Susie Leiper is an example although that’s no surprise. She has been a pillar of VAS for years now. Although she often makes straightforward images, there is nevertheless something about the way she uses materials that is particularly in tune with the society’s special angle on craft and making. That Distant Isle, an atmospheric, monochrome image of an island in the sea, for instance, is in oil paint, but painted on 19th-century vellum. Haar, a Japanese sewn book of white images of haar, is an object as well as a collection of pictures.

In a similar way, Rhona Fleming makes exquisite collages from the foxed and yellowed paper of old books. In Hallmark these faded yellow pages are set off with a sheet of polished silver. Materials evidently matter for John Ayscough too, and exploiting them in Ghost III he creates an aesthetic paradox, delicate gold leaf on a brutal concrete paving slab. Alex Allan’s Base is a tower-like object is also made of concrete, but as far as one can deduce, its scale makes it almost dainty.

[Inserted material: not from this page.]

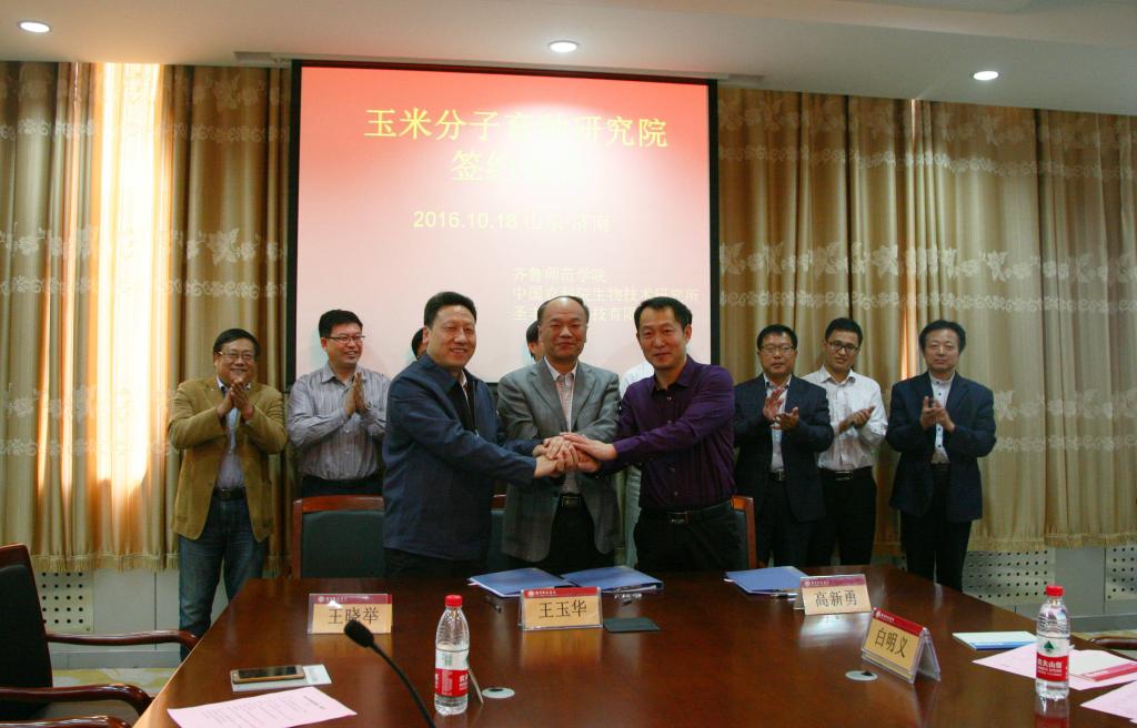 2016年10月18日,我校在图书馆四楼会议室隆重举行玉米分子育种研究院签约、揭牌仪式。中国农业科学院生物技术研究所党委书记、副所长王晓举,副所长张春义,圣丰种业科技有限公司总裁高新勇,研发总监韩宗礼,齐鲁师范学院党委副书记、校长王玉华,校长办公室、科研处、人事处、实验管理中心、生命科学学院、玉米分子育种研究院等部门负责同志及来自山东大学、中国科学院青岛生物能源与过程研究所、山东农业大学的专家、学者共计30余人参加了签约、揭牌仪式。仪式由王玉华校长主持。

Daniel Lacey’s material is wood. He exploits its innate beauty in simple sculptural forms, but he has also recycled a bit of Spanish chestnut from the Botanics into a rather eccentric occasional table. As well as furniture, there are also always woven works in this show. David Cochrane’s Alder Reflection, for instance, is a very beautiful woven image of alder leaves reflected in a pool.

Small Boundaries Series (Blue II) by Sophia PauleySmall Boundaries Series (Blue II) by Sophia Pauley
Small Boundaries Series (Blue II) by Sophia Pauley

The Genevieve Draper watercolours here are all titled The View from the Tent. In two of them her tent is pitched on Jura and she has painted lovely and luminous views of the sunlit sea. Julie Morris also paints in watercolour catching the reds and golds of fallen autumn leaves with exquisite minuteness. Equally beautiful, though more abstract, Landscapes Through a Train Window by Krisztina Horvath is also technically mysterious. In cool green, grey and black, it is described as a digital painting printed on aluminium dibond.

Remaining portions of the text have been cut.